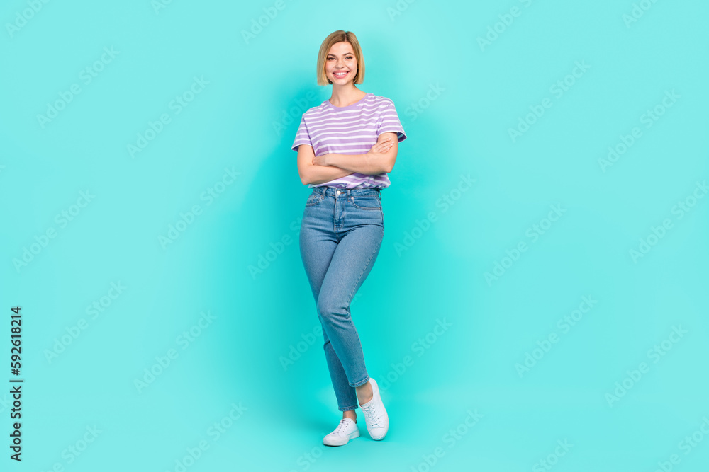 Full body photo of young profession project manager wear jeans folded arms enjoy her job dress code isolated on aquamarine color background
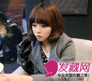深棕色短卷发带来轻熟龄女性的知性婉约,齐刘海依旧是减龄的不二选择
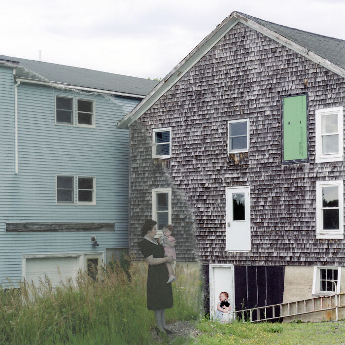 Our connections to our ancestors and our descendants often feel stronger than our connections to those around us. I often wish my children knew my grandparents. These are portraits of my children as the product of a history of lives lived and intertwined, each affecting and shaping the other. This series interrogates the role of family relationships and history in shaping our sense of ourselves and our place in the world. I have composited my old family photographs, photographs I took of my children as they grew, and images of the New England landscapes in which my children and I grew up. With these compositions, generations reach for each other across time. I exist in the tension of the space between those who came before me and those who will come after. The project is driven by a longing for connection that makes real those things I hold dear, and by anxiety around individual responsibility in passing on family history.”
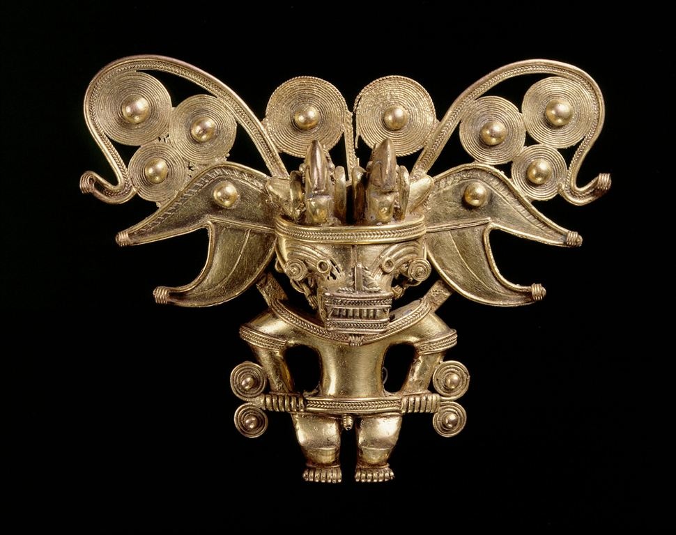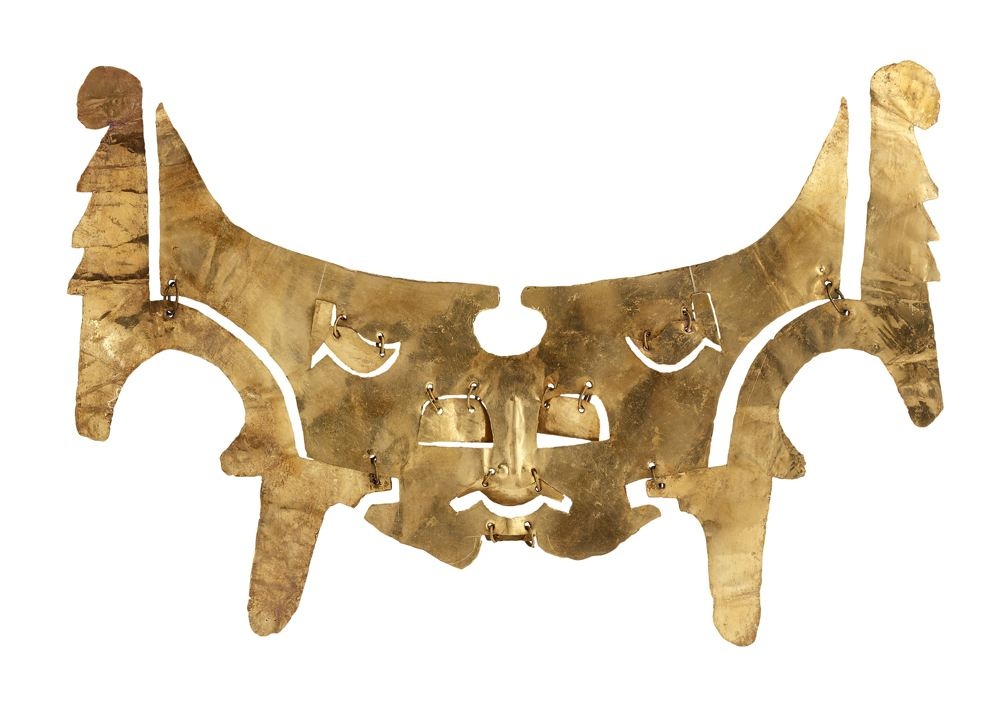 | Trang sức bằng vàng treo ở ngực có từ nền văn minh Popayan. |
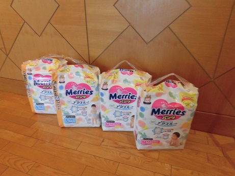 にかほ市にお住いの小松様より、子どもたちへメリーズのオムツをご寄付いただきました。
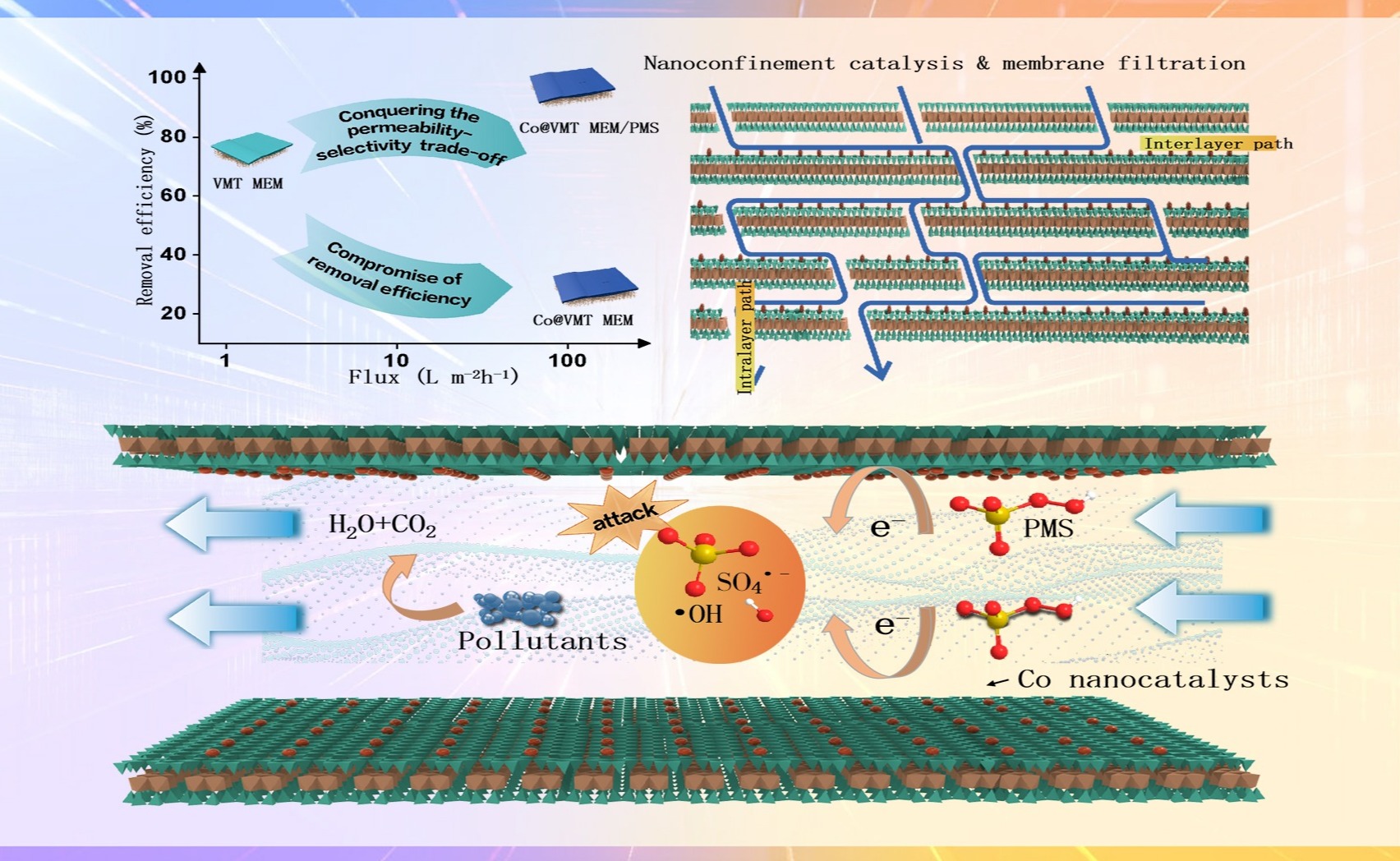 近日,0033990威尼斯深圳国际研究生院张正华团队巧妙地将膜过滤技术与高级氧化工艺相结合,开发了二维纳米流体Co功能化蛭石(Co@VMT)膜。这种Co@VMT膜展现出了122.4L·m-2·h-1·bar-1的高透水性,相比于传统的VMT膜(1.1 L·m-2·h-1·bar-1)提高了两个数量级。

**TASK ITEM:**
Each line of the data should be printed again exactly. Please leave pictures out.

**REPLY TO THE EXERCISE:**
 Full body photo of young profession project manager wear jeans folded arms enjoy her job dress code isolated on aquamarine color background
深棕色短卷发带来轻熟龄女性的知性婉约,齐刘海依旧是减龄的不二选择
 Our connections to our ancestors and our descendants often feel stronger than our connections to those around us. I often wish my children knew my grandparents. These are portraits of my children as the product of a history of lives lived and intertwined, each affecting and shaping the other. This series interrogates the role of family relationships and history in shaping our sense of ourselves and our place in the world. I have composited my old family photographs, photographs I took of my children as they grew, and images of the New England landscapes in which my children and I grew up. With these compositions, generations reach for each other across time. I exist in the tension of the space between those who came before me and those who will come after. The project is driven by a longing for connection that makes real those things I hold dear, and by anxiety around individual responsibility in passing on family history.”
 | Trang sức bằng vàng treo ở ngực có từ nền văn minh Popayan. |
 にかほ市にお住いの小松様より、子どもたちへメリーズのオムツをご寄付いただきました。
 近日,0033990威尼斯深圳国际研究生院张正华团队巧妙地将膜过滤技术与高级氧化工艺相结合,开发了二维纳米流体Co功能化蛭石(Co@VMT)膜。这种Co@VMT膜展现出了122.4L·m-2·h-1·bar-1的高透水性,相比于传统的VMT膜(1.1 L·m-2·h-1·bar-1)提高了两个数量级。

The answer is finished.